SankeiBiz 9月17日(土)8時15分配信

 東京国税局から源泉所得税の徴収漏れを指摘されたアップル子会社の日本法人、iTunesは、外国法人に支払うソフトウエア使用料を別の名目で支払う形にして、日本で納税していなかった。「古典的でよくある手法」(財務省主税局幹部)で、特別な対策を講じなくても税務当局は対応できるという。

 ただ、多国籍企業による国境をまたいだ節税策は複雑・巧妙化しており、各国の税制や国際課税のルールでは対応しきれないのが実情だ。

 2010年以降、グーグルやスターバックスなど、欧米の多国籍企業による巨額の節税策が相次ぎ発覚。こうした動きが横行すれば、税収が落ち込むほか、納税者からの不公平感も高まり、税制への信頼が揺らぎかねない。

 経済協力開発機構(OECD)と20カ国・地域(G20)は、国境を越えた節税を連携して封じるための対抗策を議論している。昨年10月には、「BEPSプロジェクト」と呼ばれる15の共通ルールを策定した。

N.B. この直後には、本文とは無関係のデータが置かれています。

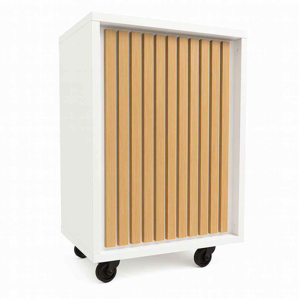 Frame-disk – schmales Modul, weiß. Eine praktische und helle Theke. Die Theke ist aus melaminbeschichtetem Material mit Struktur gefertigt. Die Front ist zurückgesetzt, sodass sie mit einem Logo, einer Holzfront gestaltet werden kann oder einfach so verwendet werden kann, wie sie ist. Die Theke verfügt über ein inneres Fach mit Platz für ggf. Kabel. Rollen sind im Lieferumfang enthalten. Die Theke kann allein stehen oder in einem Winkel/U-Form aufgebaut werden. B55 x T55 x H91 cm (mit Rollen H93 cm)

 グループ内の取引で知的財産権の移転や資金の貸し借りを操作し、法人税が低い国に利益を集めたりする行為に歯止めをかける仕組みなどが柱だ。参加国は先進国を中心に46カ国だったが「パナマ文書問題」で課税逃れ対策の重要性が高まる中、7月以降に39カ国が加わっており、年内にも100を超える見通しだ。

 今後は、参加国がルールに沿って国内制度を整備する段階に入る。日本でも海外子会社に対する課税強化などを17年度税制改正で実施する予定だ。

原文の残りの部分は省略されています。